THE CONTINUING MEDIA MYTH ABOUT WILBERT RIDEAU

           In an October 6, 2010 interview with AltDaily, Katie Anderson presented the following question/statement to Wilbert Rideau for his response: “Between trials that netted the same dismal result, watching prisoners convicted of more serious crimes being released before you, and your own failure to see the depth of your own intellect, the sheer amount of rejection that you have experienced in your life is staggering. How were you able to carry on in prison without becoming an angry person?”

            The misinformation packed into that one question/statement is offensive enough to gag the proverbial maggot! But it is not uncommon for naïve reporters like Katie Anderson—if you can even call them reporters—to ask Rideau such loaded questions designed to elicit a self-serving response.
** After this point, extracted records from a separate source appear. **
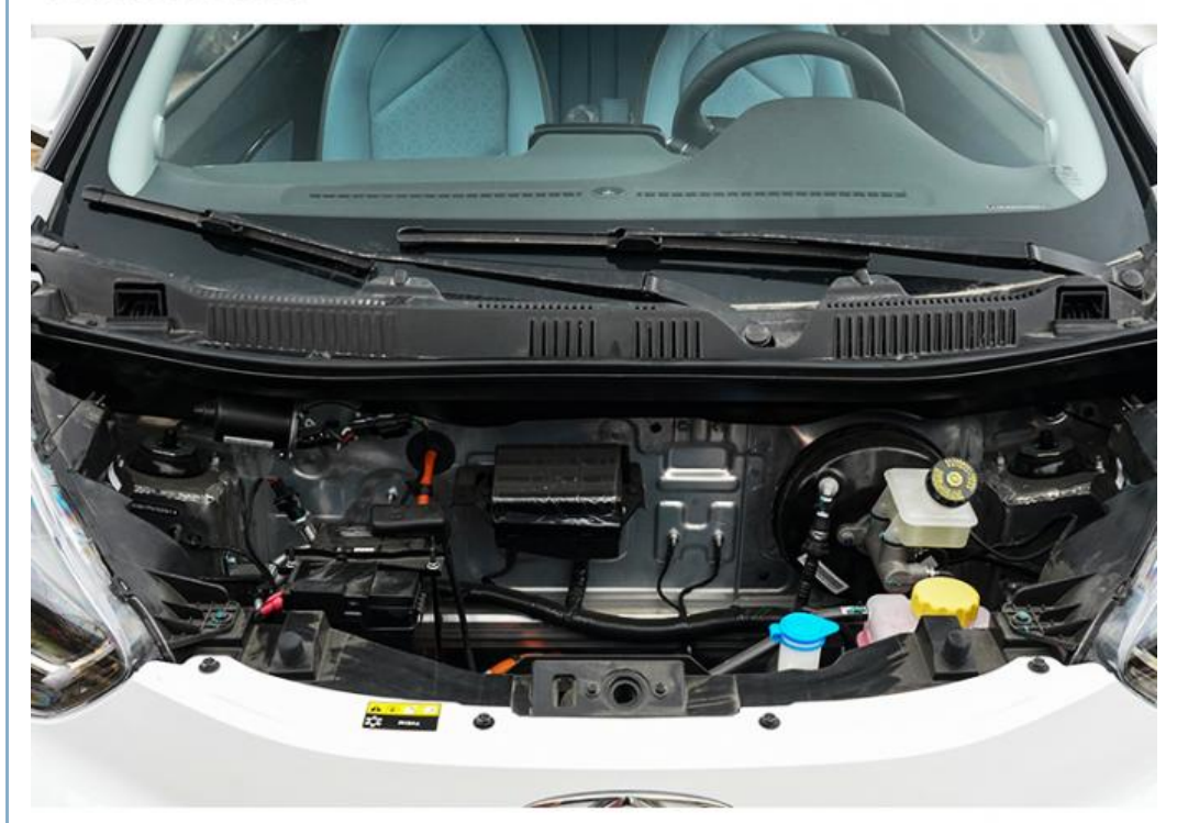
EV MINI get pure electric 41Ps horsepower motor drive, engine backup support, maximum speed of 100km/h, zero hundred acceleration time of 6s, electric energy equivalent fuel consumption of 1.1L/100km, good economic performance, which has a better effect on restraining the use cost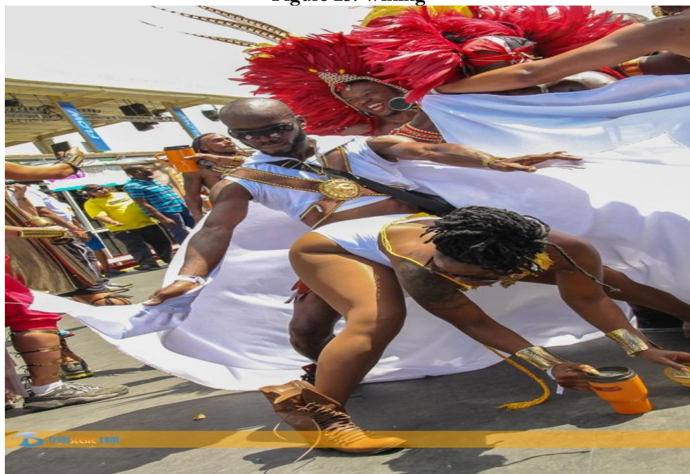
Figure 23. Wining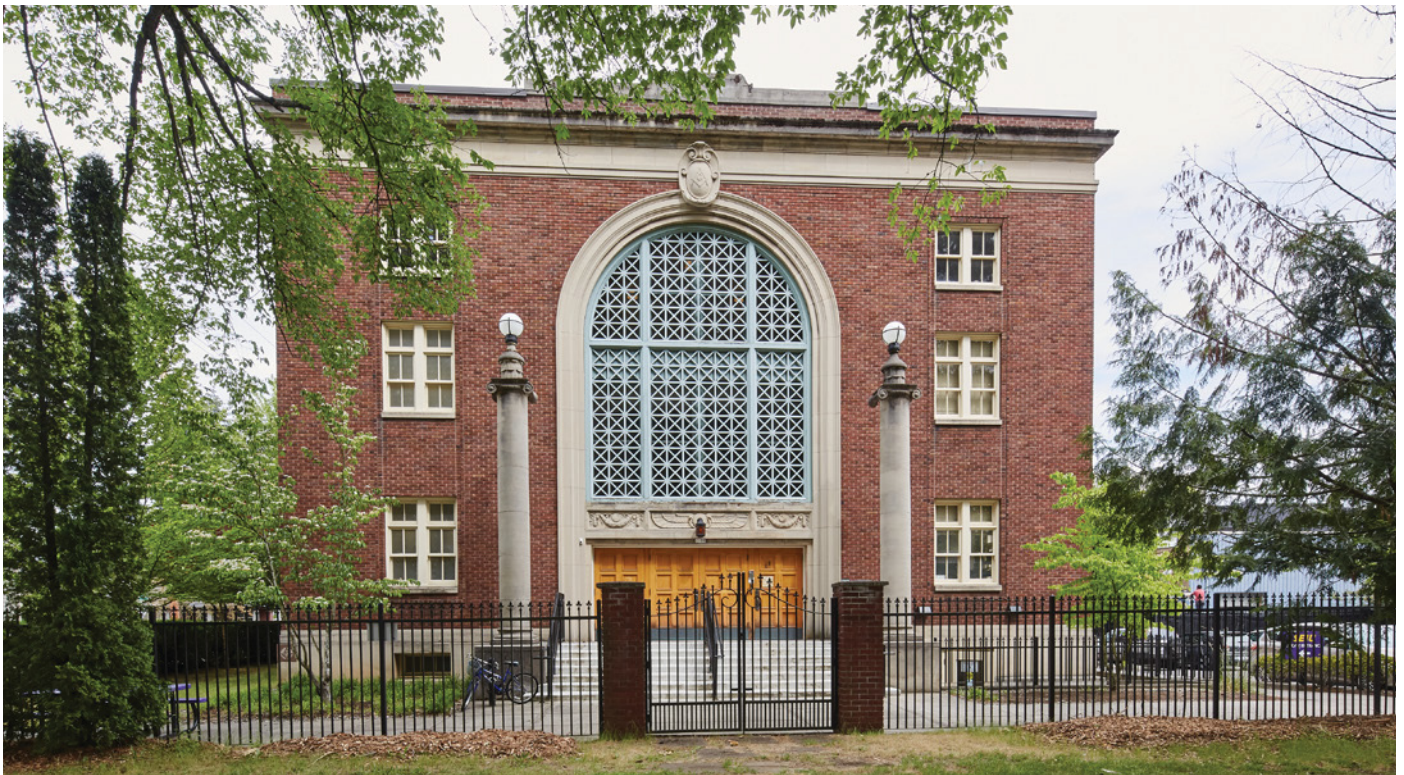
Palestine Lodge, a Historic Landmark in SE Portland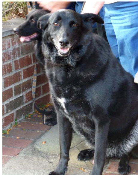
Enthusiastic participants in past animal blessings at St. John's.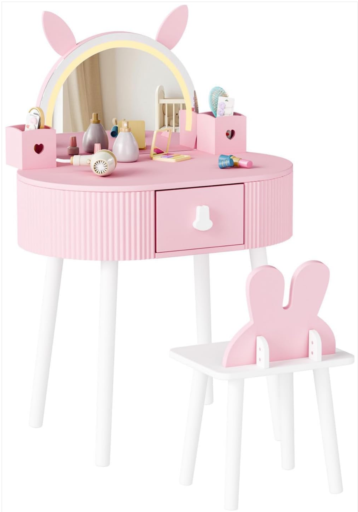
Image: The JOYMOR Kids Vanity with Lights in pink, featuring a rabbit-ear mirror and matching stool.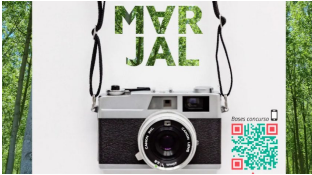
Fig 12. Poster of the competition with QR linked to the rules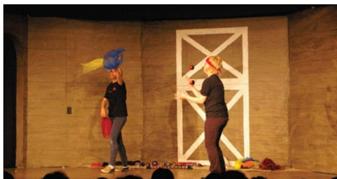
Variety is the spice of life, which members of Heisler Hemmers proved when they took their talents to the stage.

The 4-H members behind this successful event are great examples of what the future generation of philanthropists will look like. They know that making a difference in their community is about using their creativity and drive to do something extraordinary. Having fun while you're making a difference is just icing on the cake! 🍀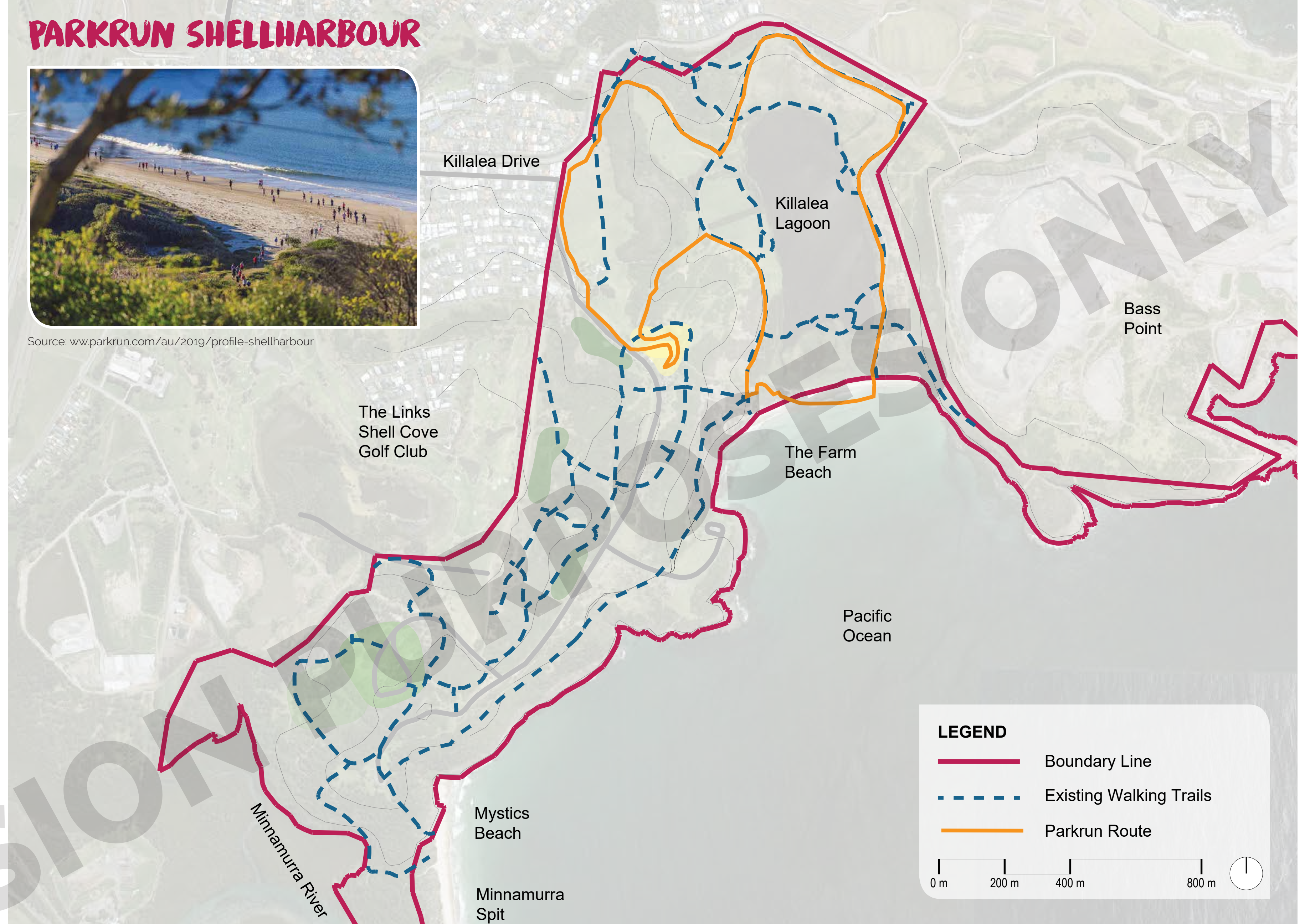
Walking trails at Killalea to link to new facilities and infrastructure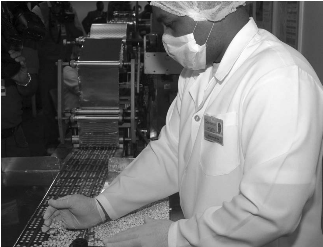
Figure 7: Packaging of drugs in antiretroviral drug factory, in Maputo, 2010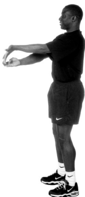
Wrist Extension Stretch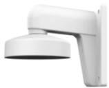
DS-1272ZJ-110-TRS Wall Mounting Bracket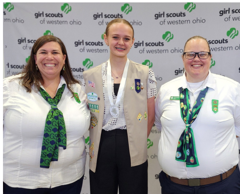
Girl Scout Gold Award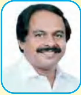
திரு. த. மனோ தங்கராஜ் தகவல் தொழில் நுட்பவியல் துறை அமைச்சர் Thiru T. Mano Thangaraj Minister for Information Technology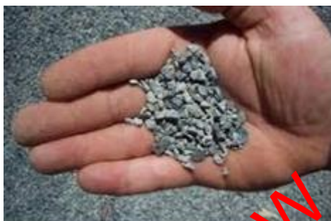
Illustration 2: Quarter minus bedding material

Historically, plumbers have bedded drains in materials (quarter minus) with a nominal size of a quarter of an inch, or approximately 6mm. As these products have stood the test of time, the VBA will continue to accept the use of such materials, provided they appear consistent in size upon visual inspection, as shown in the Illustration 2 below.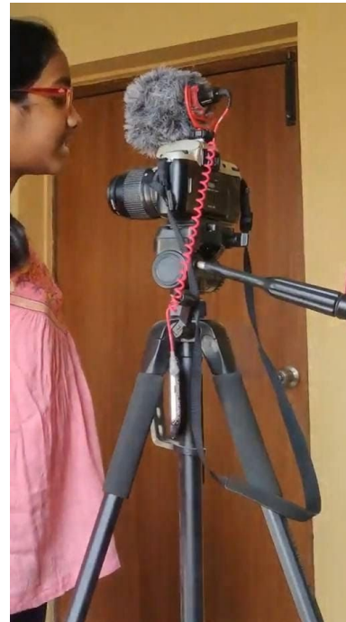
Rode Camera Microphone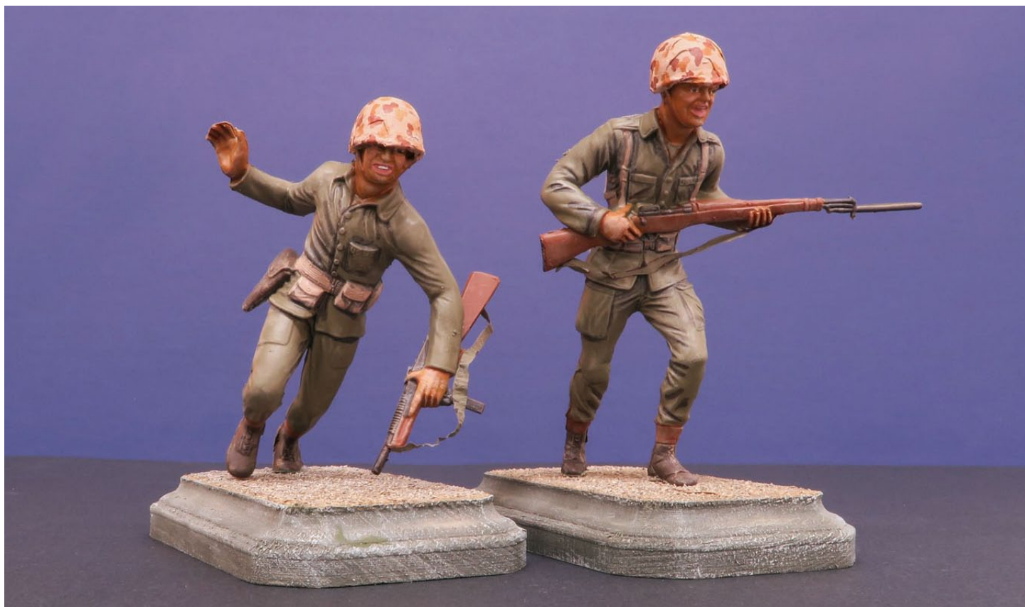
Frank Moore's 1:12 scale soft plastic Marine figures (Marx). Frank added after-market rifle slings and camouflaged helmet covers. Paints are Vallejo acrylics.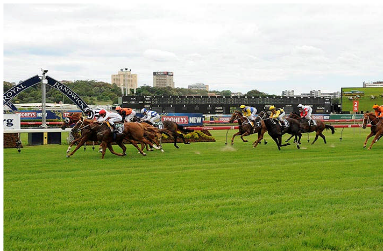
Onthelookout winning at Randwick

Follow The Command ended the month with a brilliant all-the-way win in the Benchmark 65 Handicap over 1400 metres at Parkes.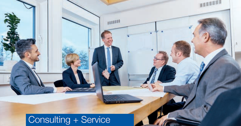
Consulting + Service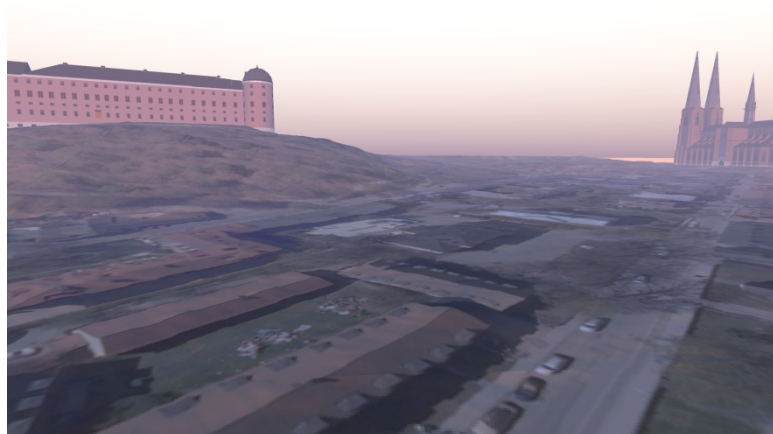
Figure 3: Terrain detail. Mesh consisting of elevation data and aerial image

With an external toolset, we are able to generate terrains from GIS data, embedded with aerial images. These realistic aerial-image terrains, by themselves, provide a fair amount of immersion, even before any building is modeled. They also give us the footprint for placing the buildings in the scene and for visualizing the roads and vegetation (see Figure 3).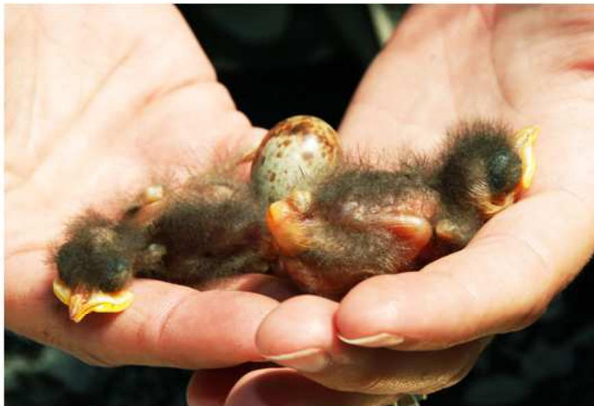
In the last 20 years, the "Sylvester & Tweety" issue has become increasingly controversial, with birders and cat lovers taking a stand. The American Bird Conservancy reports cats kill hundreds of thousands of birds in the U.S. every year, including mockingbirds, which have adapted well to urban life.

U. FLORIDA (US) — Cats are the dominant predator to mockingbird eggs and nestlings in urban areas, prompting conservationists to urge pet owners to keep felines indoors at night.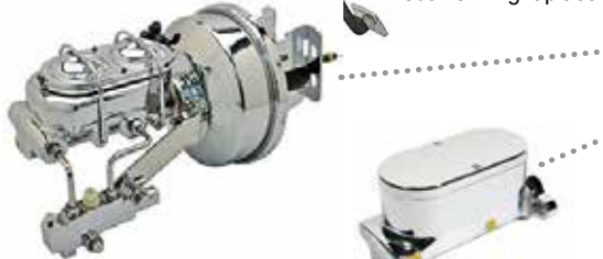
Shown with all chrome part may not have exactly same prop valve etc.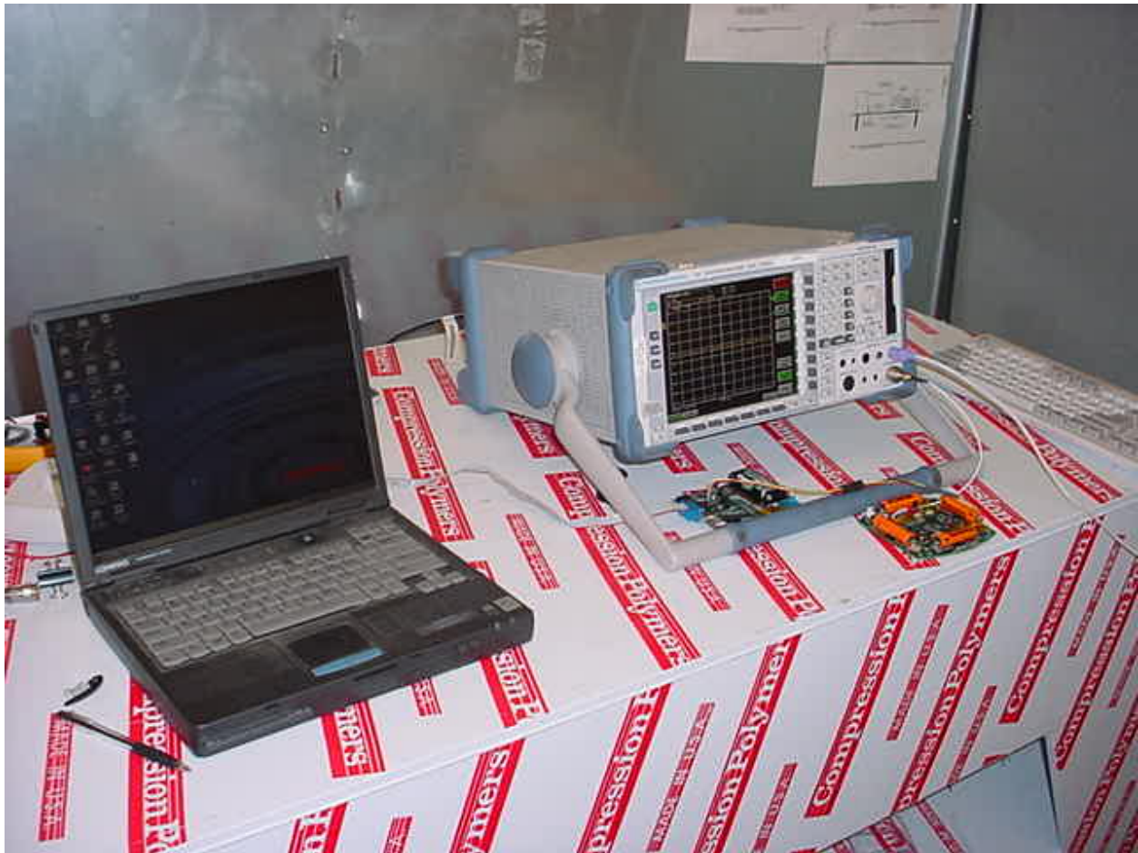
Conducted Output Power, 6 dB Bandwidth, Power density, Out of band antenna conducted emission (15.247)

           So I will focus on the primary misrepresentation put forth in Anderson’s goofy question: that prisoners “convicted of more serious crimes” were released while Rideau was unjustly kept in prison. This is a theme the former famed prison journalist started promoting shortly after he began receiving national media attention in the wake of his award-winning journalism success in the late 1970s and early 1980s in the Louisiana prison system. It played well in the national media: a poor, uneducated black man in a racist southern prison who taught himself to read and write and to become a famous convict-editor of the only free penal press in America. Hell, that’s Nelson Mandella kind of stuff!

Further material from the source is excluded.